After our talk, I phoned my mom again, and apologized to her for much of my bitterness, the anger of which I believe has been fear, wishing she wouldn’t bring up me getting help. Pent up stuff. I told her these revelations and we set up some appointments, with my old therapist and the naturopath.
I talked to Johnny on the phone, too. And this was so vital as I have had pent up a lot of shame– for not talking to him enough about this struggle, bottling it up and, I know realize, leaving him in a position of not being “let in” on supporting me in this area. Which he has done, anyway. Because of Christ in him and, man, do I ever love him.
After a bit of reading, some incredible time in the Word and prayer, I made myself a chicken breast and broccoli with tahini for dinner. I must say, I pressure-cooked, spiced, and diced this simple food like a pro. Since I was a kid I have just understood food. Imagine how beautiful that could be, minus the disorder.
My shift tonight was amazing.

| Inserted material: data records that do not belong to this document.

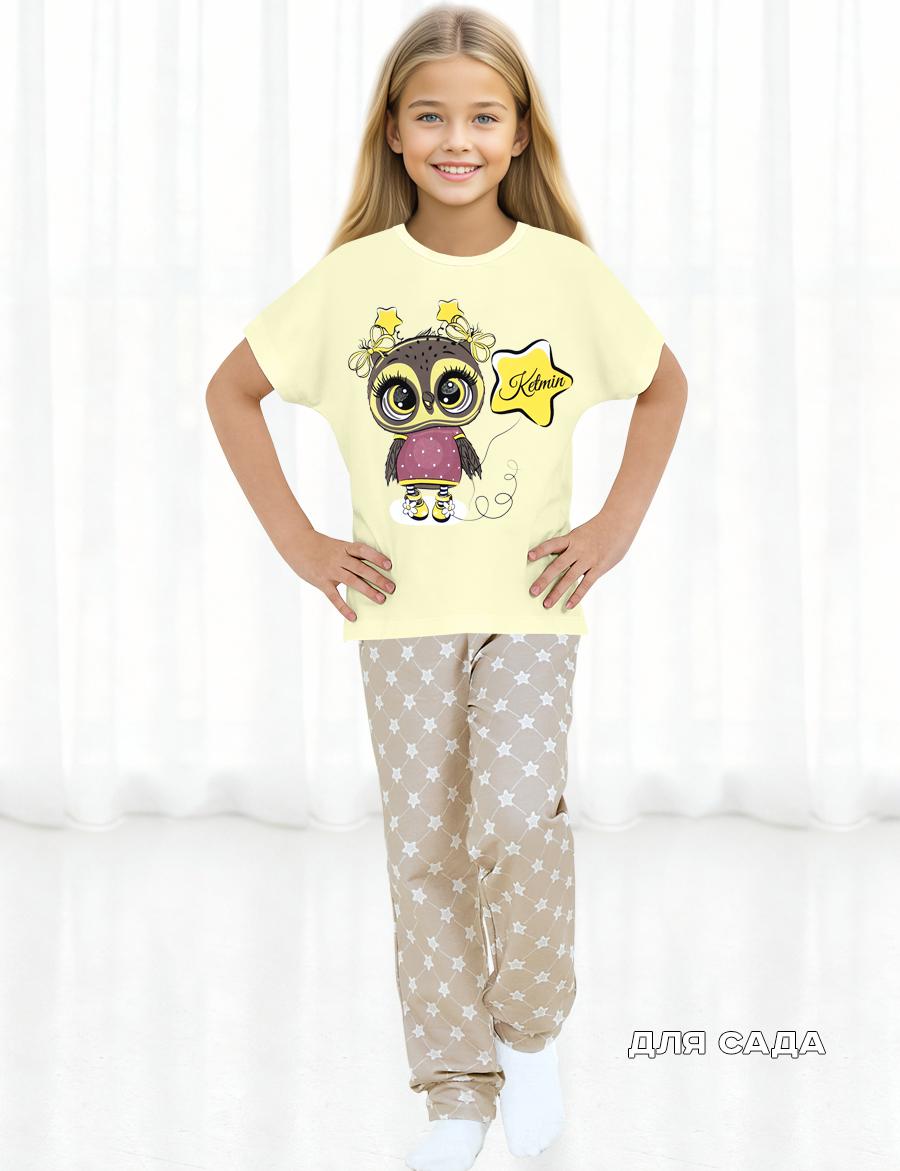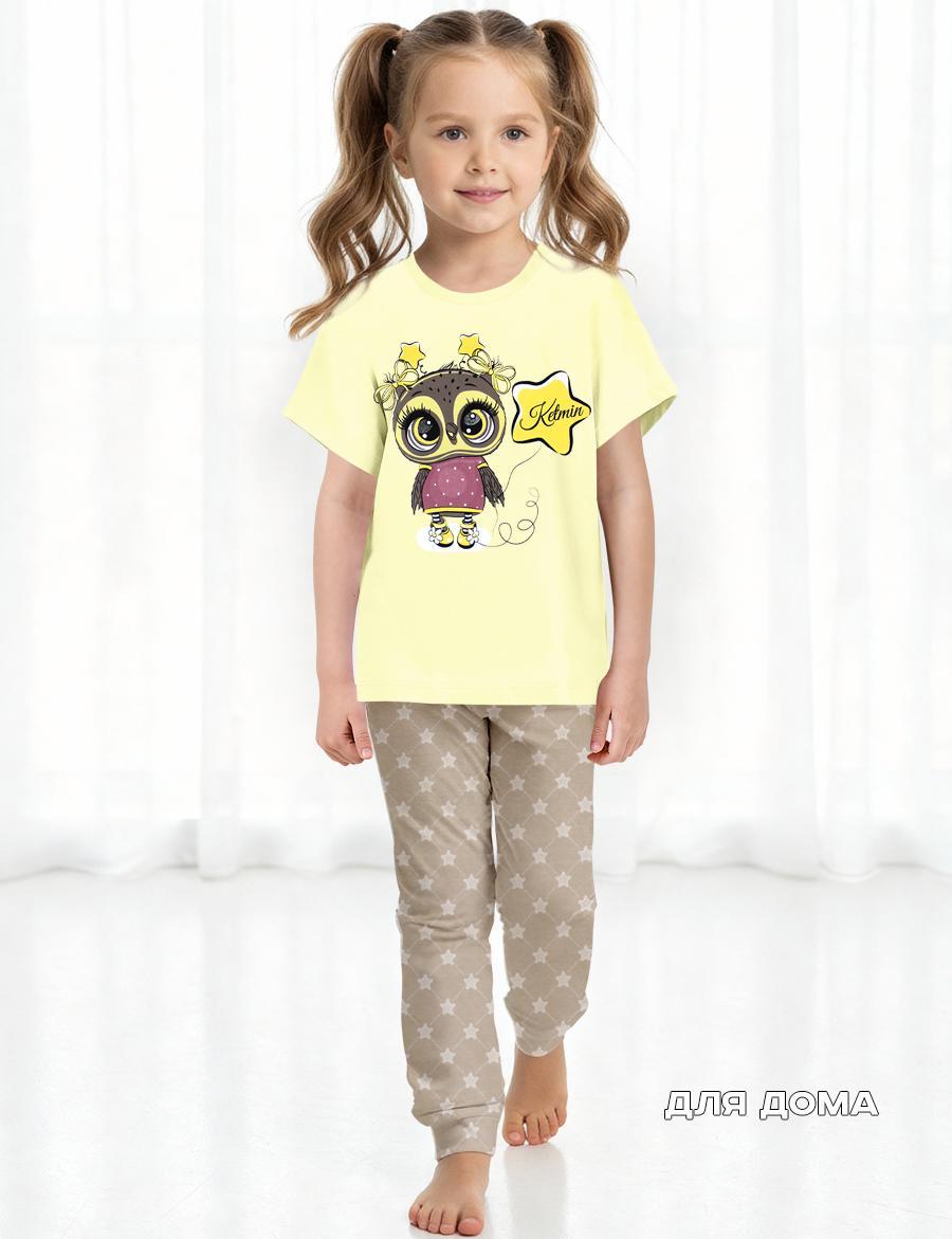 Комплект домашний Совушечка от бренда KETMIN. Материал трикотажное полотно с лайкрой высокого качества пенье, изделия из него комфортны в носке и хорошо держат форму. В домашний комплект входят штанишки свободного кроя с нежным рисунком звезды и футболка со спущенным плечем кремово-желтого цвета. Мы уверены, что этот LOOK станет любимым в домашнем гардеробе ребенка.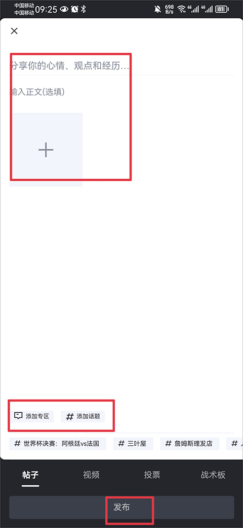 2、接着,在打开的编辑页面里输入你想分享的文字内容,写完后点击右上角的“发布”就大功告成了。如果你想让帖子出现在特定的圈子里,可以点击下方的“添加专区或话题”来进行选择。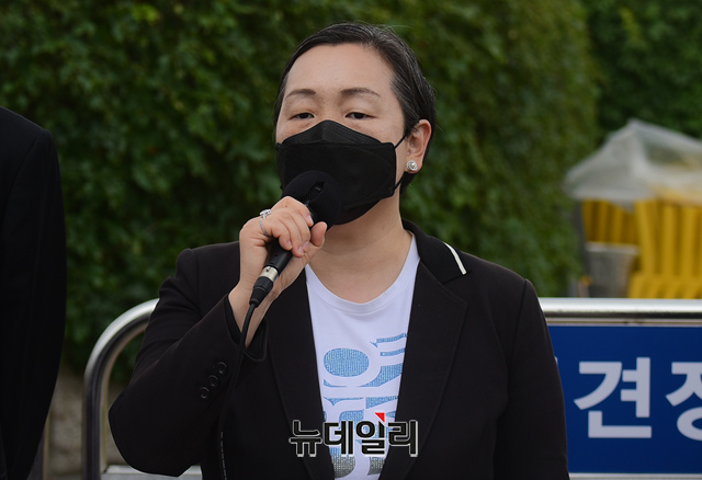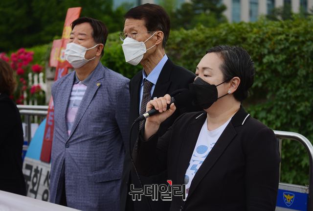 인지연 미국 변호사가 25일 오전 국회 정문 앞에서 열린 '북한인권을 위한 화요집회'에서 발언을 하고 있다.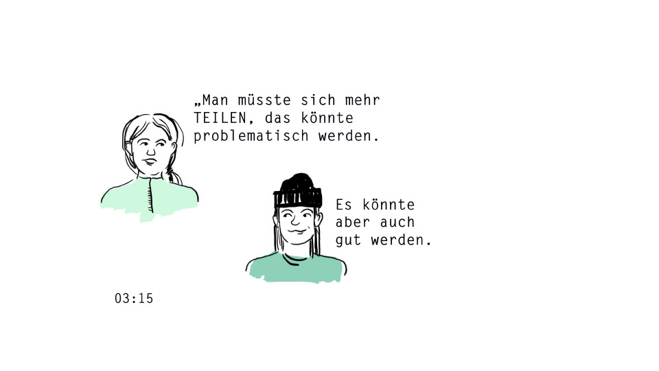 Während in der Halle debattiert wird, sitzen Kinder und Jugendliche der Genossenschaft mit Luc Ouali, Klimaaktivist und Demokratieverteidiger, zusammen. Sie entwerfen ihre eigene Vision vom Wohnen der Zukunft und präsentieren sie in Runde drei. Ihre Forderungen sind klar: mehr Teilen, weniger Besitzen, Mieten nach Leistungsfähigkeit, gemeinschaftlich Nutzen statt individueller Ansprüche. Keine Ideologie, sondern praktische Ideen von jenen, die noch lange mit den Folgen der aktuellenEntscheidungen werden leben müssen.

I have come to a realization that I love closing shifts. I love and relish the night cafe vibes… I like the responsibility that comes with preparing the cafe for the next day… most importantly, I love the people I work with. Tonight, the bulk of the shift was with two incredible girls who, on top of such a day of revelation I opened up to so much. We had a solid hour with very few customers and were able to really connect while doing closing duties and all contribute to a truly beautiful conversation. Realizing that the girls could relate to me and have passion for mental health in various ways… their strengths and trials and perseverance totally ringing so sweetly. The shift flew by and I worked it and left it feeling blessed and praising my God.
Each and every day.
Thank-you Jesus, for energy I know I’m not supposed to have. Often you take over and I know these tears are caused by the overwhelm I experience in Your Spirit and love.